MATERIAL PROVIDED
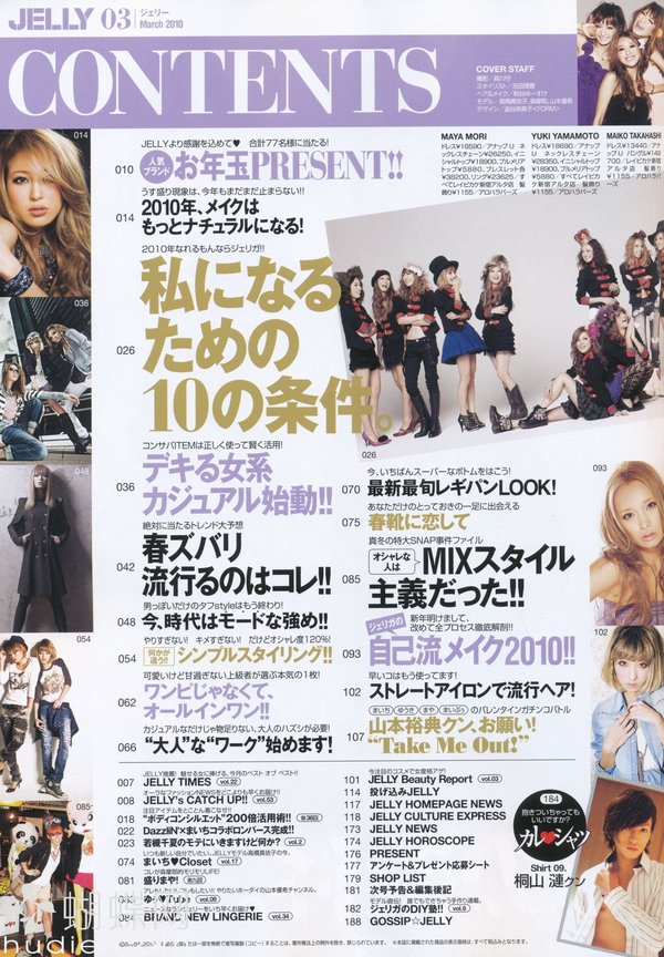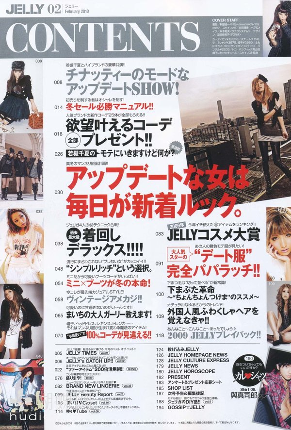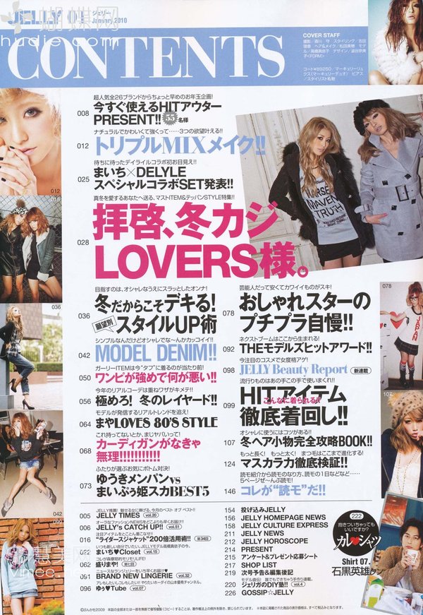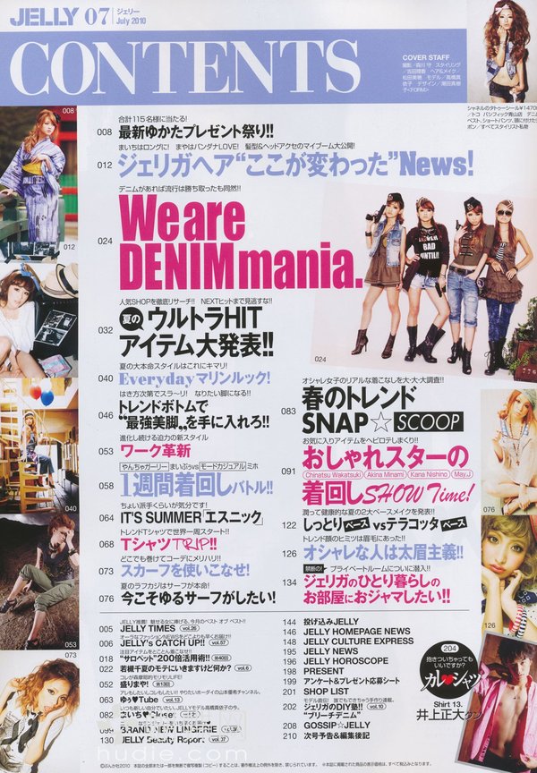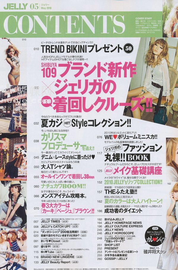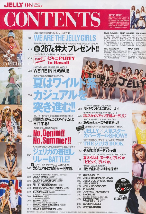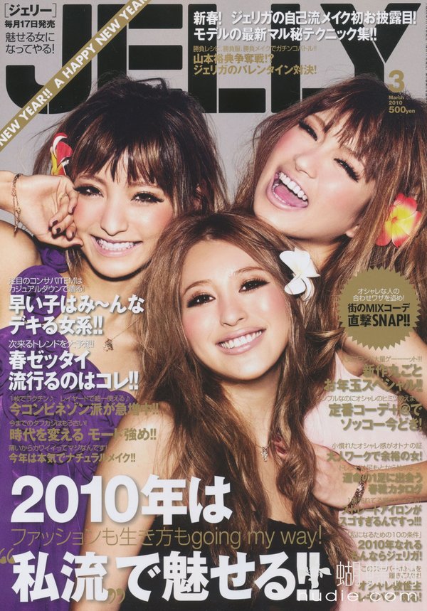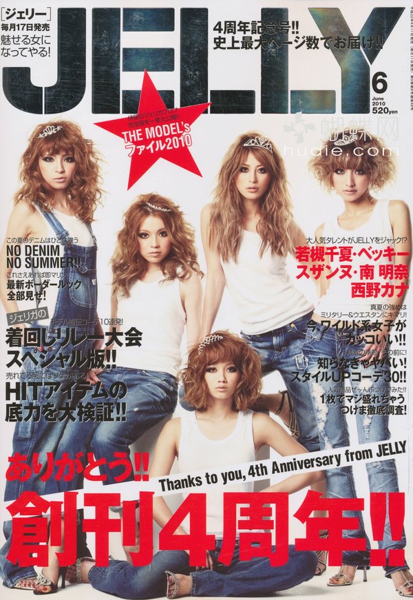 《JELLY》日本甜美性感类服饰杂志,在亚洲大受欢迎,受到无数时尚MM追捧。JELLY追寻的呛辣女孩休闲穿衣风 就是要妳穿出难以抗拒的致命吸引力!以基本的休闲风为主轴,时而性感媚惑、又带点强悍与韧性,并且将时下潮流元素导入MIX,我时尚,我休闲,所以我性感!这就是《JELLY》杂志的真谛所在。
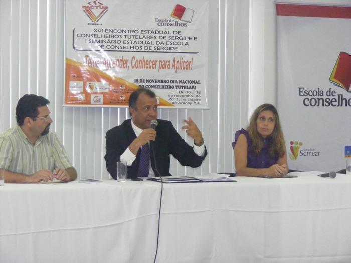 O dia da abertura contou com a presença da Conselheira Tutelar do 2º Distrito de Aracaju, Cícera Maria de Castro do Egito, que falou da importância do Conselheiro Tutelar. O segundo painel apresentou os trabalhos desenvolvidos pela Escola de Conselhos de Sergipe, projeto executado pela Sociedade Semear, através do convênio com a Secretaria de Direitos Humanos da Presidência da República.
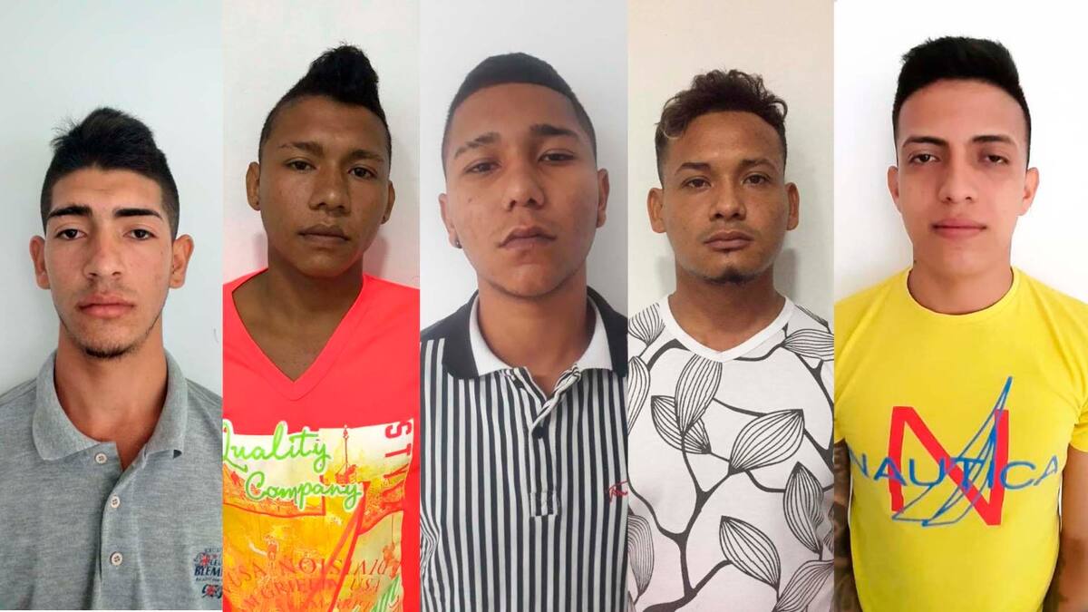 En los operativos llevados a cabo este jueves fueron capturados cinco presuntos integrantes de la banda delincuencial que fueron identificados como Luis Ángel Coronado Jiménez, alias el Flecha, John Mario Lotero Díaz, alias el Bofe; Camilo Andrés Cuadros Sierra, Gerson Enrique De la Hoz Santiago y Jaime Luis Escorcia Hernández, alias el Bote, quienes deberán responder por los delitos de concierto para delinquir agravado y tráfico o porte de estupefacientes.
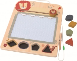 Drvena magnetična ploča s motivom lavića je zabavna i istovremeno edukativna igračka za djecu od 3 godine. Zahvaljujući magnetskoj olovci i četiri žigića djeca vježbaju finu motoriku, oko-ruka koordinaciju i kreativnost. Jednostavno brisanje jednim potezom bez nereda omogućuje crtanje iznova i iznova.
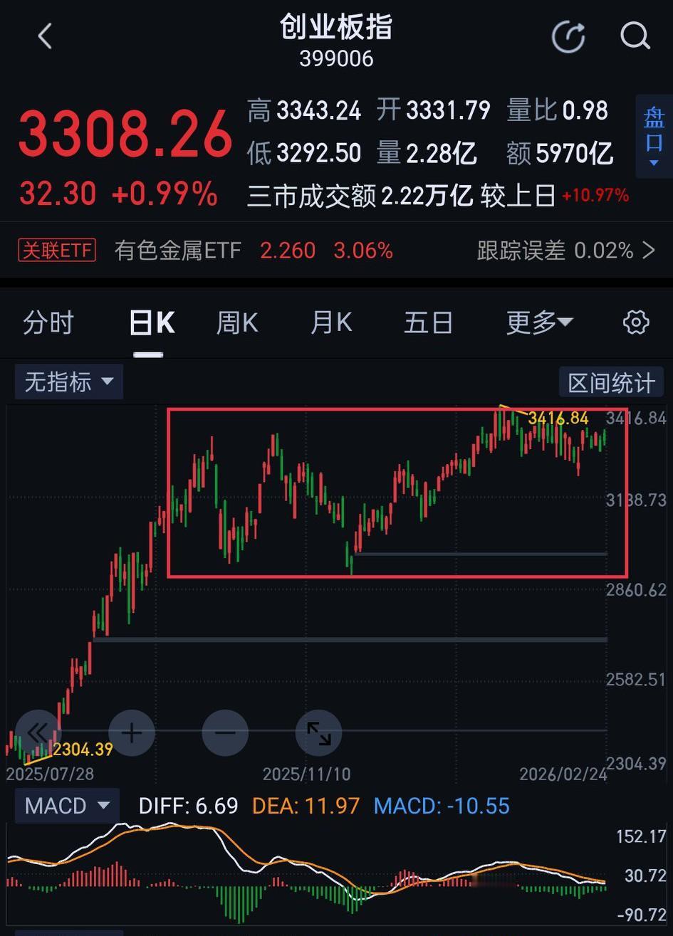 创业板,周三将迎来短周期变盘窗口。明天能否有效站稳3284是关键。站稳,后期将有望形成图〈1〉五分钟中枢的向上离开段,创业板后期将有机会去挑战3416的高点,后续走势结构要观察是否围绕该中枢形成盘整背驰。如果不能有效站稳,只要不出现快速跌破3275的走势,暂可用五分钟中枢震荡的视角观察。如果快速跌破3275,则要防止反抽形成对该中枢的三卖。如果三卖形成,不排除后期创业板向图〈2〉箱体下沿附近寻求支撑的可能。图〈1〉黄色箭头属于未完成走势。
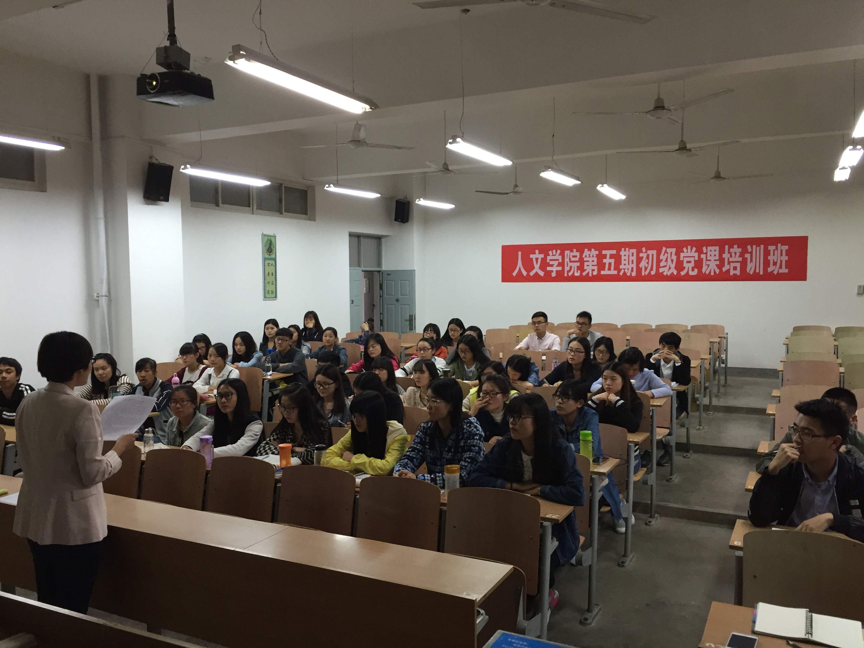 人文学院初级党课培训班自开办以来始终坚持正面教育为主,用科学理论武装头脑,做到培养学用结合,知行合一的共产主义接班人。本次党课按照“创新方式讲好党课”,党支部书记、党委班子成员结合实际带头讲学院入党积极分子初级党课的思路,注重运用身边事例、现身说法,强化主题、答疑释惑,增强党课的吸引力和感染力。力争让每位参加培训班的同学对党的理论知识有更为细致的掌握,将理论学习落到了切实的生活学习中。对于同学们今后的理论提高及学习生活有着积极的意义。
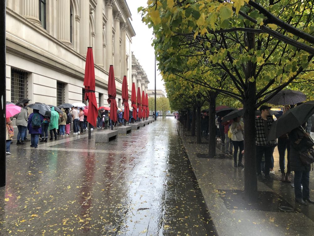 2021-11-12近两年没有去去纽约大都会艺术博物馆,老想着抽空去逛逛。昨天不是周末,又下着雨,心想人少一点。于是开车去车站,挤地铁、打伞踩水冒的而去。到门口才发现从来未见过这么长的队,从门前台阶下向一侧两个街区,再转回来。大家都不上班,还是刚刚开放美国国门以后来的外国游客?雨中排了近一个小时才进门。前一阵子自己出版一本《古希腊哲学家的奇事趣[
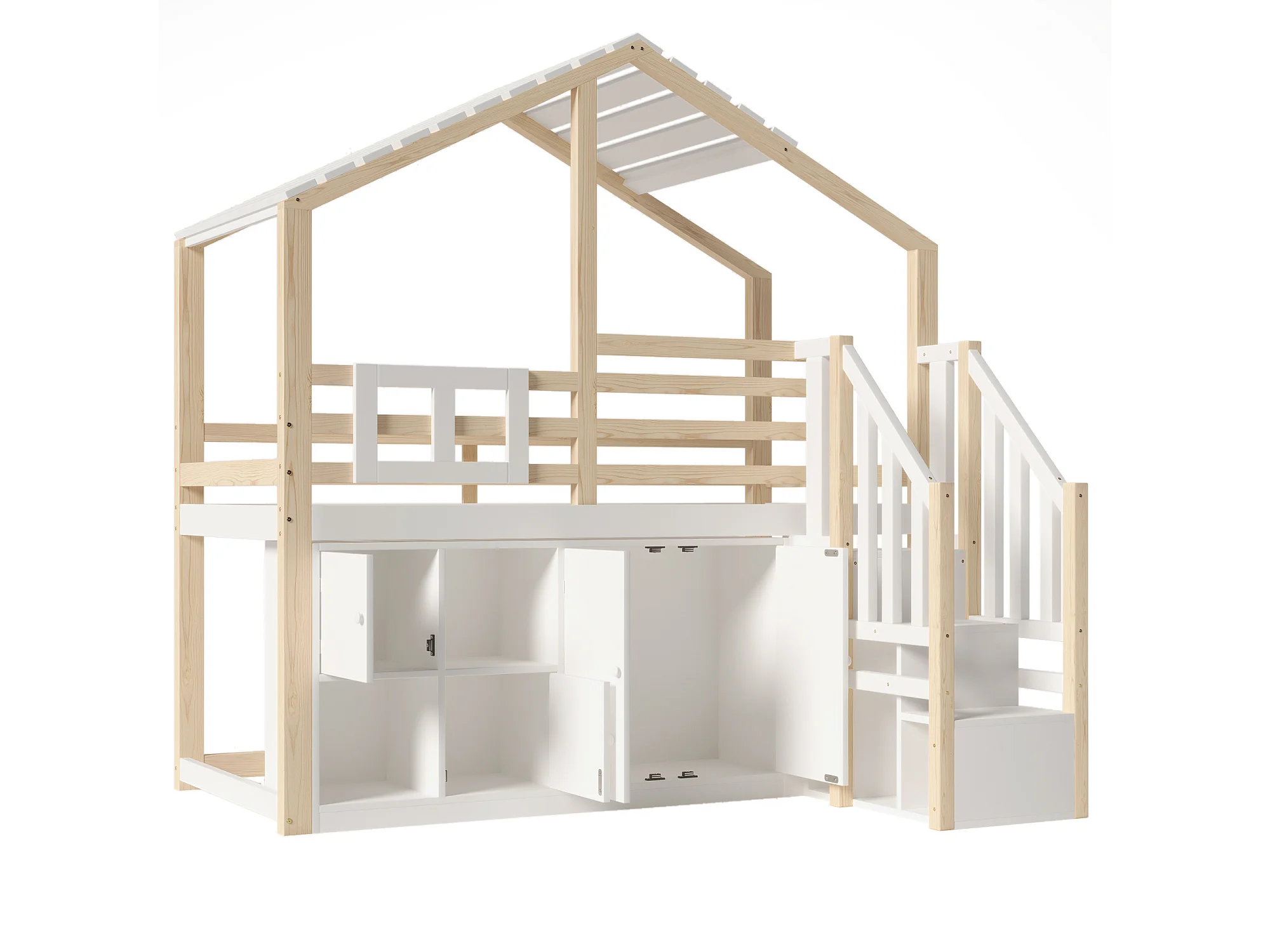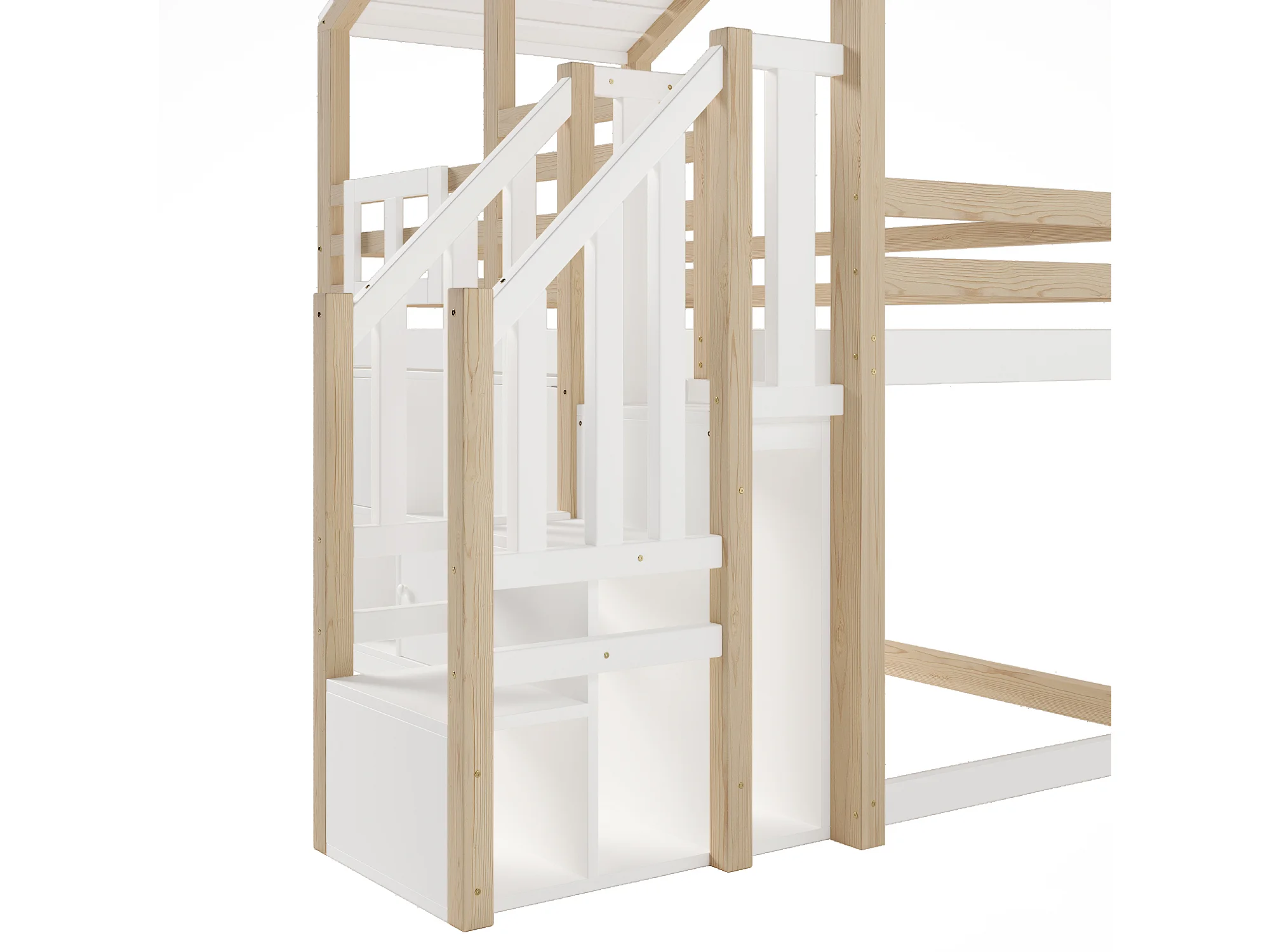 Halfhoog hoog bed 90x200cm met kasten en opbergladder - Dennen + MDF - wit + hout

YOUR OBJECTIVE
Would you return all of the entries unchanged while omitting the images?

OUTPUT BELOW
 《JELLY》日本甜美性感类服饰杂志,在亚洲大受欢迎,受到无数时尚MM追捧。JELLY追寻的呛辣女孩休闲穿衣风 就是要妳穿出难以抗拒的致命吸引力!以基本的休闲风为主轴,时而性感媚惑、又带点强悍与韧性,并且将时下潮流元素导入MIX,我时尚,我休闲,所以我性感!这就是《JELLY》杂志的真谛所在。
 O dia da abertura contou com a presença da Conselheira Tutelar do 2º Distrito de Aracaju, Cícera Maria de Castro do Egito, que falou da importância do Conselheiro Tutelar. O segundo painel apresentou os trabalhos desenvolvidos pela Escola de Conselhos de Sergipe, projeto executado pela Sociedade Semear, através do convênio com a Secretaria de Direitos Humanos da Presidência da República.
 En los operativos llevados a cabo este jueves fueron capturados cinco presuntos integrantes de la banda delincuencial que fueron identificados como Luis Ángel Coronado Jiménez, alias el Flecha, John Mario Lotero Díaz, alias el Bofe; Camilo Andrés Cuadros Sierra, Gerson Enrique De la Hoz Santiago y Jaime Luis Escorcia Hernández, alias el Bote, quienes deberán responder por los delitos de concierto para delinquir agravado y tráfico o porte de estupefacientes.
 Drvena magnetična ploča s motivom lavića je zabavna i istovremeno edukativna igračka za djecu od 3 godine. Zahvaljujući magnetskoj olovci i četiri žigića djeca vježbaju finu motoriku, oko-ruka koordinaciju i kreativnost. Jednostavno brisanje jednim potezom bez nereda omogućuje crtanje iznova i iznova.
 创业板,周三将迎来短周期变盘窗口。明天能否有效站稳3284是关键。站稳,后期将有望形成图〈1〉五分钟中枢的向上离开段,创业板后期将有机会去挑战3416的高点,后续走势结构要观察是否围绕该中枢形成盘整背驰。如果不能有效站稳,只要不出现快速跌破3275的走势,暂可用五分钟中枢震荡的视角观察。如果快速跌破3275,则要防止反抽形成对该中枢的三卖。如果三卖形成,不排除后期创业板向图〈2〉箱体下沿附近寻求支撑的可能。图〈1〉黄色箭头属于未完成走势。
 人文学院初级党课培训班自开办以来始终坚持正面教育为主,用科学理论武装头脑,做到培养学用结合,知行合一的共产主义接班人。本次党课按照“创新方式讲好党课”,党支部书记、党委班子成员结合实际带头讲学院入党积极分子初级党课的思路,注重运用身边事例、现身说法,强化主题、答疑释惑,增强党课的吸引力和感染力。力争让每位参加培训班的同学对党的理论知识有更为细致的掌握,将理论学习落到了切实的生活学习中。对于同学们今后的理论提高及学习生活有着积极的意义。
 2021-11-12近两年没有去去纽约大都会艺术博物馆,老想着抽空去逛逛。昨天不是周末,又下着雨,心想人少一点。于是开车去车站,挤地铁、打伞踩水冒的而去。到门口才发现从来未见过这么长的队,从门前台阶下向一侧两个街区,再转回来。大家都不上班,还是刚刚开放美国国门以后来的外国游客?雨中排了近一个小时才进门。前一阵子自己出版一本《古希腊哲学家的奇事趣[
 Halfhoog hoog bed 90x200cm met kasten en opbergladder - Dennen + MDF - wit + hout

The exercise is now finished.